In all these cases, courts or agencies came to the conclusion that religious exercise could be accommodated with little or no harm to the public interest or to others. As Justice Sandra Day O’Connor (joined by liberal lions Brennan, Marshall, and Blackmun) wrote: “courts have been quite capable of applying our free exercise jurisprudence to strike sensible balances between religious liberty and competing state interests.” Employment Division v. Smith (1989) (concurring opinion).
At a time when the Supreme Court’s same-sex marriage decision has allowed many millions of Americans to live their lives in accordance with their own identity, it would be tragic if we turned our backs on the right to live in accordance with our religious conviction, which is also part of who we are.

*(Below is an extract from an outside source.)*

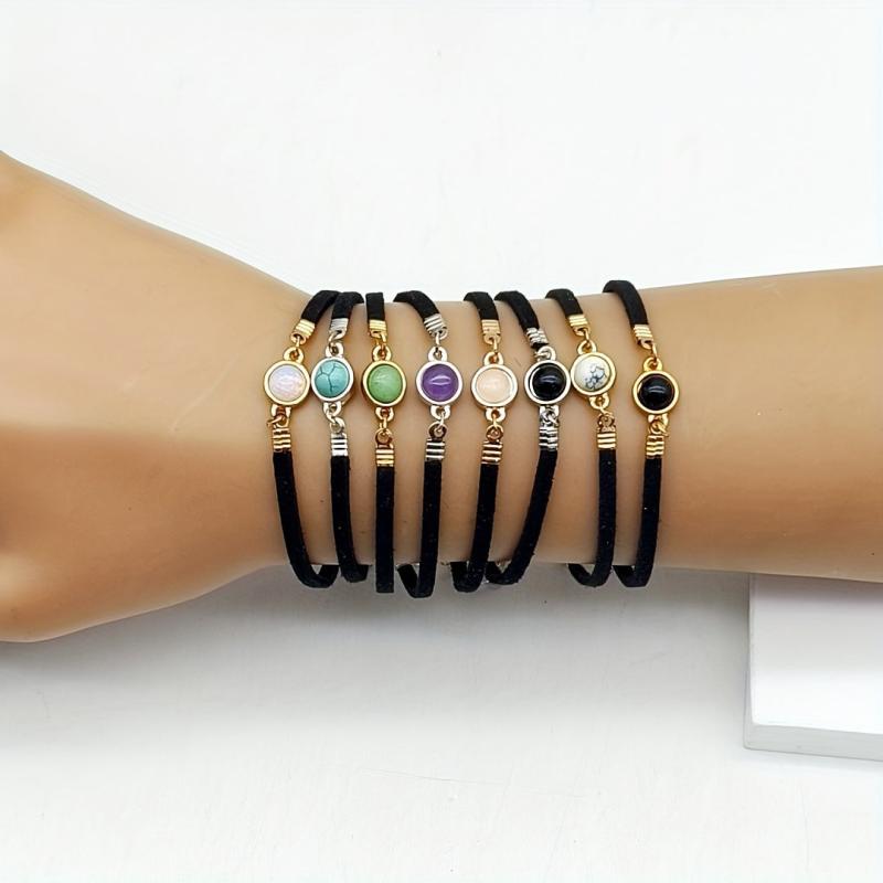 Add a touch of Middle Eastern flair to your look with this fashionable velvet band bracelet, featuring inlaid moonstone, lapis lazuli, and other stones. Its solid design is versatile and can be worn for a variety of occasions, giving you a youthful and vibrant appearance.

A robust protection for free exercise of religion is not only part of the American tradition, it is vital to our protection for diversity and freedom.Michael McConnell Richard and Frances Mallery Professor and Director of the Constitutional Law Center, Stanford Law School, and Senior Fellow at the Hoover Institution
Freedom of Speech and the PressBy Geoffrey R. Stone and Eugene Volokh
“Congress shall make no law . . . abridging the freedom of speech, or of the press.” What does this mean today? Generally speaking, it means that the government may not jail, fine, or impose civil liability on people or organizations based on what they say or write, except in exceptional circumstances.

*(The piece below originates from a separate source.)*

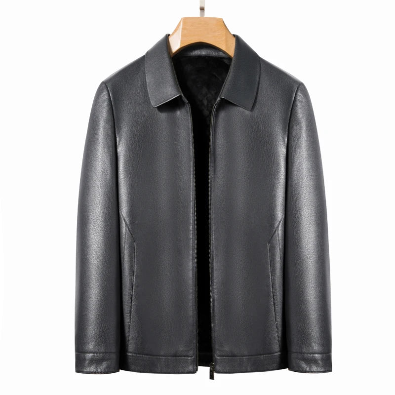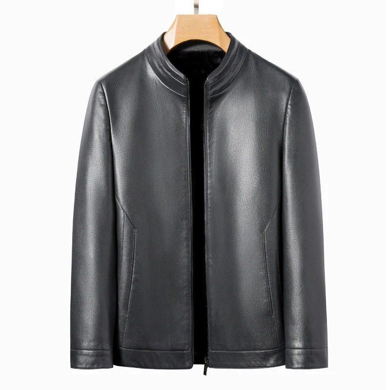Men's Genuine Leather Polo Mock Neck Jacket Slim Sheepskin Coat Spring and Autumn

Although the First Amendment says “Congress,” the Supreme Court has held that speakers are protected against all government agencies and officials: federal, state, and local, and legislative, executive, or judicial. The First Amendment does not protect speakers, however, against private individuals or organizations, such as private employers, private colleges, or private landowners. The First Amendment restrains only the government.
The Supreme Court has interpreted “speech” and “press” broadly as covering not only talking, writing, and printing, but also broadcasting, using the Internet, and other forms of expression. The freedom of speech also applies to symbolic expression, such as displaying flags, burning flags, wearing armbands, burning crosses, and the like.
The Supreme Court has held that restrictions on speech because of its content—that is, when the government targets the speaker’s message—generally violate the First Amendment. Laws that prohibit people from criticizing a war, opposing abortion, or advocating high taxes are examples of unconstitutional content-based restrictions. Such laws are thought to be especially problematic because they distort public debate and contradict a basic principle of self-governance: that the government cannot be trusted to decide what ideas or information “the people” should be allowed to hear.
There are generally three situations in which the government can constitutionally restrict speech under a less demanding standard.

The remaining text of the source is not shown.